There’s an enchanting idea in the concept of a cursed party: a male of Bene Gesserit training, an Imperial Doctor who failed the conditioning, a Twisted Mentat, a dishonourable Swordmaster. Perhaps there’s room for a party trying to make good on a past sin, perhaps they were destroyed through their use of atomics or lasgun/shields and were sheltered by a Great House (and the Bene Gesserit) to prevent the genetic line being totally destroyed.
The This then leads another enchanting idea for a campaign; re-establishing a lost house. Or changing the direction of a house whose character had been stained. I am reminded of “The Godfather Trilogy”. Led by a fanatical Bene Gesserit, a young House-heir is revealed and works to try and restore the honour, prestige and prosperity of their family; all the while developing the need to have revenge, while old enemies circle to finish the job they started.

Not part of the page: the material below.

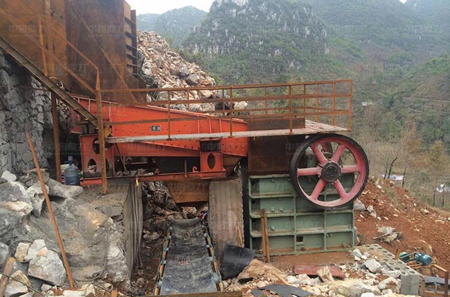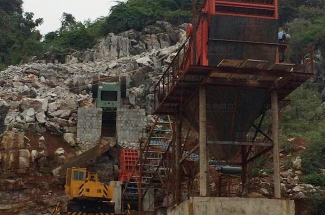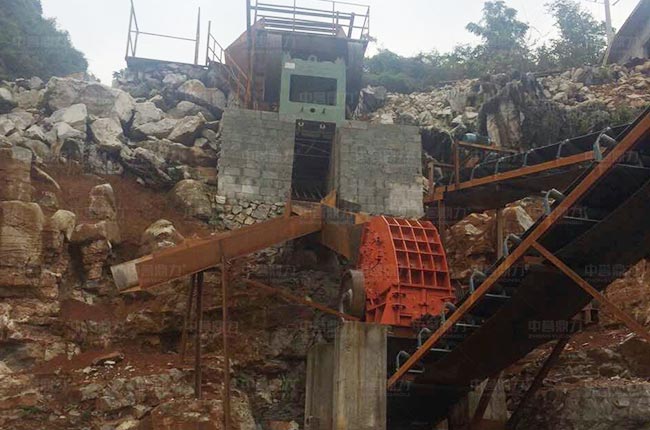 該項(xiàng)目位于廣西河池,選用時(shí)產(chǎn)100-160噸的PCZ1308重錘破碎機(jī)做二破使用,一臺(tái)4層YK2260振動(dòng)篩用于分選4種不同規(guī)格的石料。

Notes on Bene Gesserit Characters: many males in the books receive the benefits of Bene Gesserit training to some degree. Paul Atreides is just something unexpected.
Notes on Fremen Characters: The rule book says that Fremen do not leave Arrakis. What’s missed is that no-one really leaves Arrakis. The Spice is so addictive that few can afford to. As soon as you leave Arrakis, the spice hunger begins. The Dune Encyclopaedia states on page 15 that Fremen do leave Arrakis “to goggle at rivers, lakes, oceans and jungles and then to seek their reduplication on Dune”. No doubt they bring their own supplies.

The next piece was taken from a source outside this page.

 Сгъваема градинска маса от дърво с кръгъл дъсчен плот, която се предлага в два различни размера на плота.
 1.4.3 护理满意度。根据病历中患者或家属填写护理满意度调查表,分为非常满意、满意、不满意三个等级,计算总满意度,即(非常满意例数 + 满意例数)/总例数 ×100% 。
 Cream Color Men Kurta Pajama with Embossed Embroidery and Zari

There are also some big questions that might lead to epic plots that are separate from the Atreides storyline.
FTL COMMS
The fastest way of sending a communique seems to be to put it on a heighliner. There’s no FTL comms. Though I’d be surprised if the Spice prescience didn’t provide the Guild (and the Bene Gesserit) with communication abilities.
HEIGHLINERS PETIT
The heighliners are huge but how small can a fold ship actually be considering it needs the life support, folding machinery, conventional propulsion and either nab computer or space for a Navigator.
ALIEN LIFE
It’s clear from what I’ve read that the only alien life in the whole universe is the Sandworm. In Dune, Herbert mentions that Terran flora and fauna have established themselves on Arrakis. No mention of native species.
ORIGIN OF THE WORMS
Certainly not native to Arrakis, then where did they come from? And their whole biology is tied up with human biology – surely they must be an engineered species? Or else they evolved alongside us.
There’s certainly more but that’s a good start.